» **YOUR INSTRUCTIONS**
Begin at the top of the records below and print each line exactly until the line containing "Figure 1 Acceptance" has been printed; any pictures are to be left out.
--- RECORDS FOR THE EXERCISE Enclosed Below ---
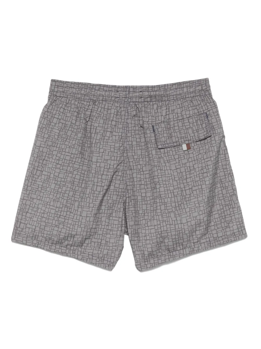medium grijs elastische tailleband met trekkoord twee steekzakken aan de zijkant klepzak aan de achterkant Zwemkleding moet over je eigen kleding worden aangepast.
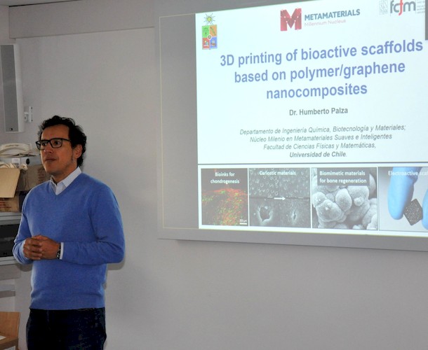 On 11th Feb. 2020 we received the visit of Prof. Humberto Palza,, Department of Chemical Engineering, Biotechnology and Materials, Faculty of Physical and Mathematical Sciences, University of Chile, Santiago, Chile. Prof. Palza presented the invited seminar “3D printing of bioactive scaffolds based on polymer/graphene nanocomposites” in the framework of the International Seminar Series 2020 of the Collaborative Research Centre TRR 225/SFB “From the fundamentals of biofabrication towards functional tissue models”. He also visited our laboratories and discussed future collaborations in the field of 3D printing bioactive composites. We have carried out collaboration previously with the group of Prof. Palza in the field of bioactive glass-polymer composites, and results were published for example in J. Biomed. Mater. Res. A [1].
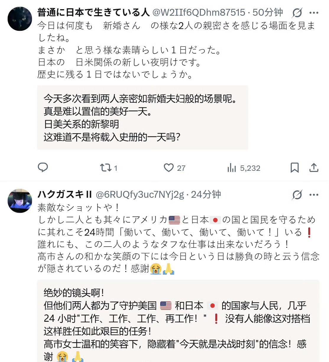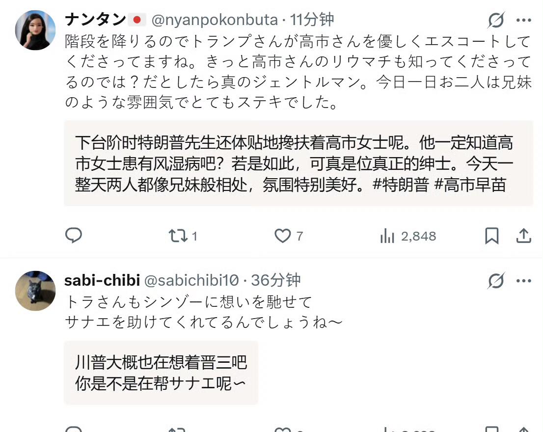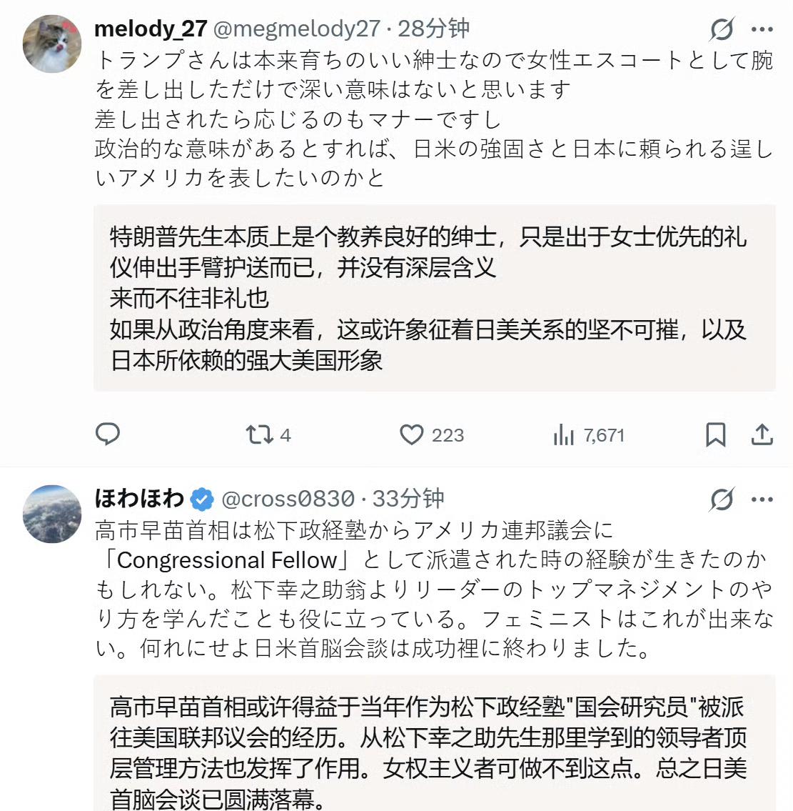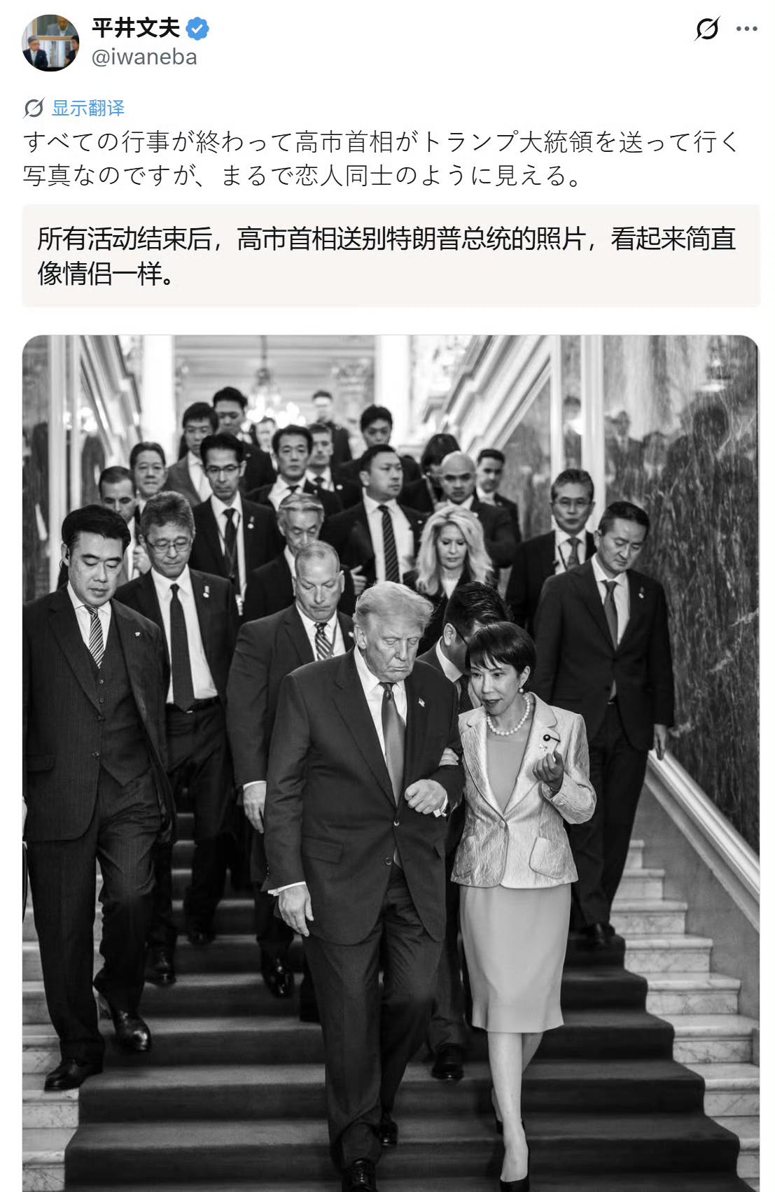 看看日本人对美国人有多谄媚、 高示挽着特朗普的手好像情侣,新婚夫妇般 第一次见到这种场景还是感到吃惊的,作为国家首脑,理应该落落大方,搞得好像娱乐圈一样,和男人十指紧扣又是搭肩勾背,其他国家也有女性王储,也不像她这样那么爱动手动脚的
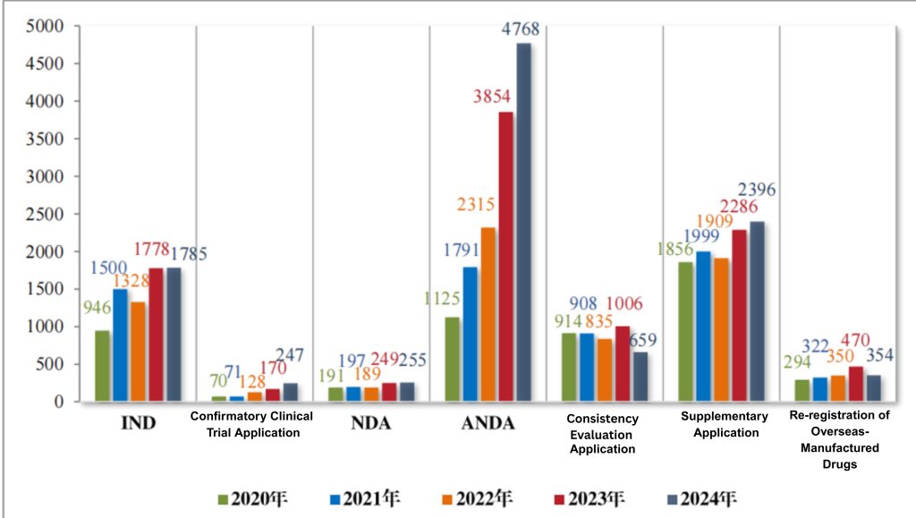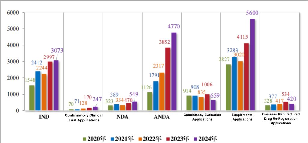 Figure 1 Acceptance of registration applications from 2020 to 2024, as reported in CDE’s 2024 Drug Review Report
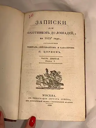 С 1824 года выходил под названием «Записки для охотников до лошадей». В 1826 году сменил назнание на «Записки для охотников до лошадей и конюшенного порядка», а в 1827 — «Записки для охотников до лошадей, содержащие в себе конюшенный порядок».
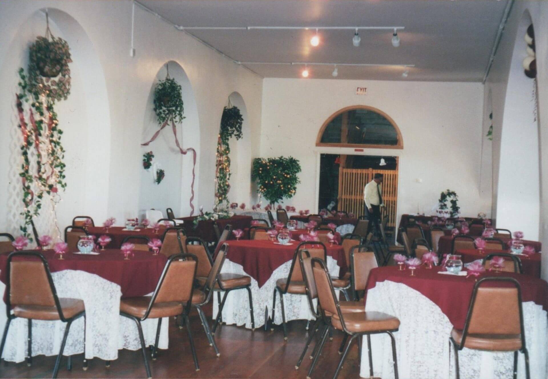 This venue option features a beautiful outdoor garden with white roses and a large pergola covered in mature vines. The garden is large enough to provide multiple seating options for guests. The Stone Hall is a large open and versatile space with large windows that display our beautiful garden. With a good sized catering kitchen and lots of space for dancing, the options with this venue are nearly endless!
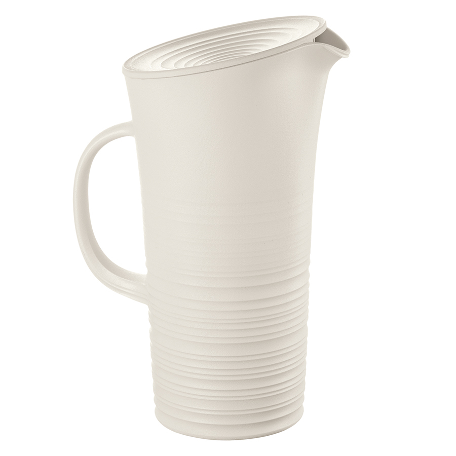 Объемный кувшин из переработанного пластика с фактурой, имитирующей глину, подойдет для подачи освежающих напитков. Крышка удерживает лед, мяту, кусочки фруктов внутри кувшина, предотвращая попадание ингредиентов в бокал.
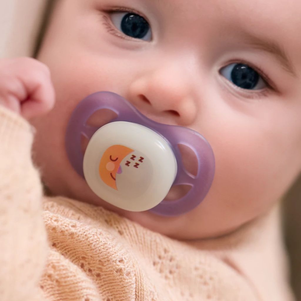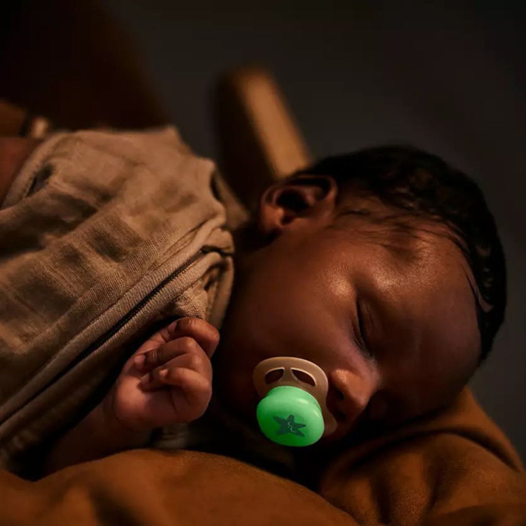 Set van 2 fopspenen die licht geven in het donker!Deze 2 fopspenen hebben een zachte, orthodontische siliconenspeen die je kleintje comfort biedt. De speen is symmetrisch en respecteert de natuurlijke vorm van het gehemelte, de tanden en het tandvlees van je baby, zodat de mondontwikkeling wordt gerespecteerd.Het schildje geeft licht in het donker: zo vind je de speen makkelijk terug, zonder het licht te moeten aansteken.De speen is gemaakt uit voedselveilige siliconen, 100% vrij van BPA, BPS, ftalaat, PVC en polycyclische aromatische koolwaterstoffen.Je kunt de fopspeen steriliseren en opbergen in het praktische doosje.
--- End of Enclosed RECORDS FOR THE EXERCISE ---
» **WRITTEN REPLY**
medium grijs elastische tailleband met trekkoord twee steekzakken aan de zijkant klepzak aan de achterkant Zwemkleding moet over je eigen kleding worden aangepast.
 On 11th Feb. 2020 we received the visit of Prof. Humberto Palza,, Department of Chemical Engineering, Biotechnology and Materials, Faculty of Physical and Mathematical Sciences, University of Chile, Santiago, Chile. Prof. Palza presented the invited seminar “3D printing of bioactive scaffolds based on polymer/graphene nanocomposites” in the framework of the International Seminar Series 2020 of the Collaborative Research Centre TRR 225/SFB “From the fundamentals of biofabrication towards functional tissue models”. He also visited our laboratories and discussed future collaborations in the field of 3D printing bioactive composites. We have carried out collaboration previously with the group of Prof. Palza in the field of bioactive glass-polymer composites, and results were published for example in J. Biomed. Mater. Res. A [1].
 看看日本人对美国人有多谄媚、 高示挽着特朗普的手好像情侣,新婚夫妇般 第一次见到这种场景还是感到吃惊的,作为国家首脑,理应该落落大方,搞得好像娱乐圈一样,和男人十指紧扣又是搭肩勾背,其他国家也有女性王储,也不像她这样那么爱动手动脚的
 Figure 1 Acceptance of registration applications from 2020 to 2024, as reported in CDE’s 2024 Drug Review Report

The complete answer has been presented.